Material provided ->
*** Begin section ***

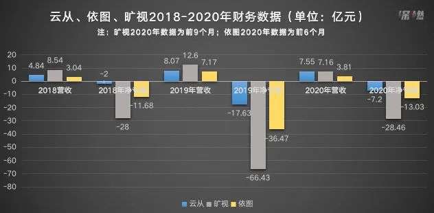 “AI四小龙”中除了尚未揭开神秘面纱的商汤之外,依图、旷视公布的招股书,也将巨额亏损的问题暴露在了闪光灯下。2018年到2020年上半年这两年半,依图亏损近61亿元,而旷视在2018年至2020前三季度已经合计亏损超122亿元。
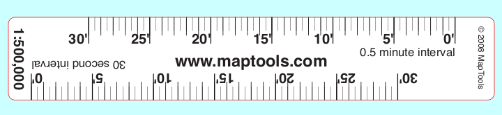 On the front side, the ruler has minutes and seconds on one edge and decimal minutes on the other edge, allowing you to use either notation. On the back side, the ruler has distance in meters on one edge, and distance in either miles on the other edge.
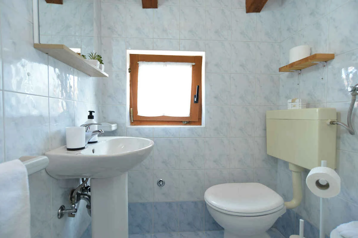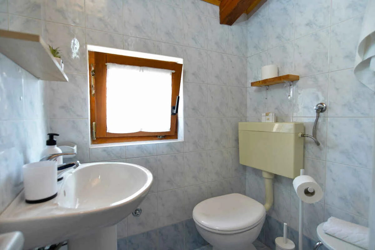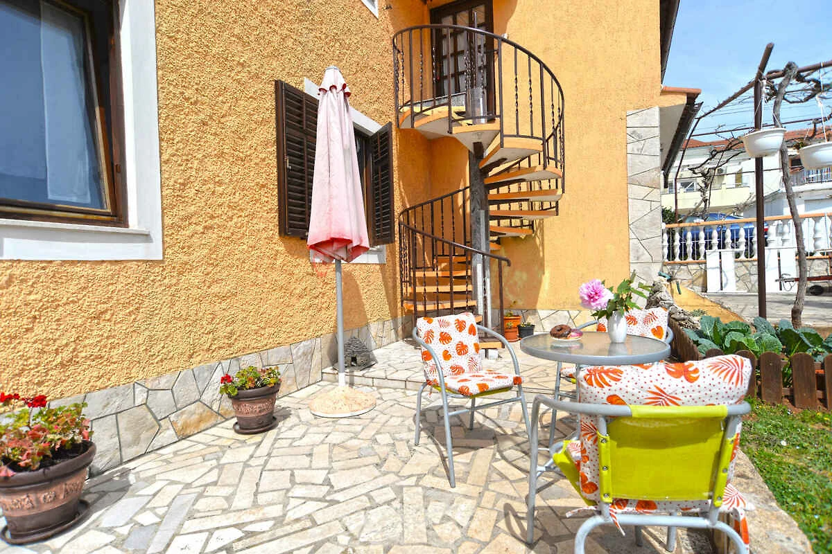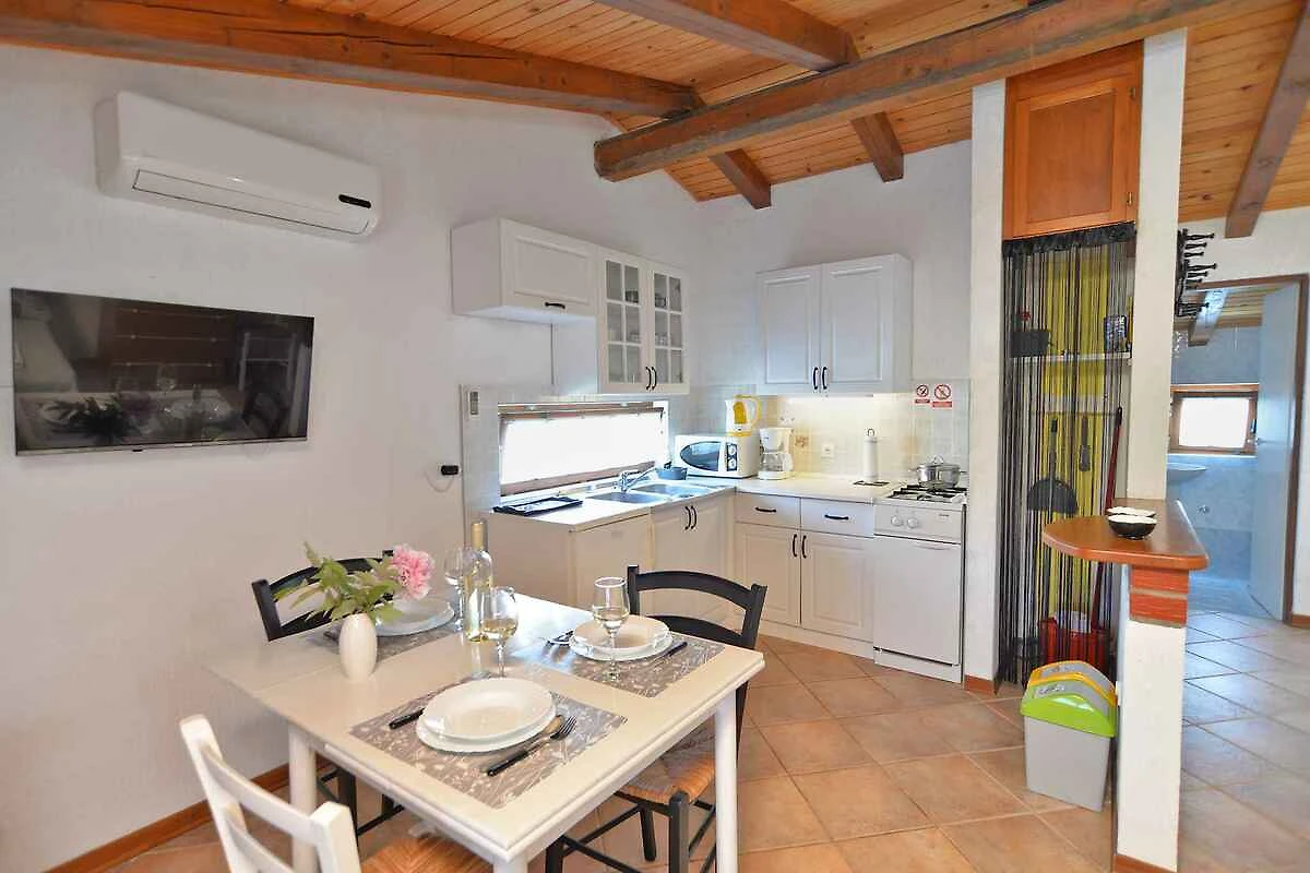 Fažana. Die Ferienwohnung befindet sich auf einem geschlossenen Gartengrundstück mit Wiese, Blumen, Sträuchern und Bäumen, von einem Zaun begrenzt. Der Vermieter wohnt im Haus. Die Zufahrt erfolgt direkt von der Hauptstrasse (asphaltiert). Parkplatz (für 1 Pkw) auf dem Grundstück.

*** End section ***

What needs to be done -> All of the data must be repeated exactly, except for the pictures.

Answer space ->
 “AI四小龙”中除了尚未揭开神秘面纱的商汤之外,依图、旷视公布的招股书,也将巨额亏损的问题暴露在了闪光灯下。2018年到2020年上半年这两年半,依图亏损近61亿元,而旷视在2018年至2020前三季度已经合计亏损超122亿元。
 On the front side, the ruler has minutes and seconds on one edge and decimal minutes on the other edge, allowing you to use either notation. On the back side, the ruler has distance in meters on one edge, and distance in either miles on the other edge.
 Fažana. Die Ferienwohnung befindet sich auf einem geschlossenen Gartengrundstück mit Wiese, Blumen, Sträuchern und Bäumen, von einem Zaun begrenzt. Der Vermieter wohnt im Haus. Die Zufahrt erfolgt direkt von der Hauptstrasse (asphaltiert). Parkplatz (für 1 Pkw) auf dem Grundstück.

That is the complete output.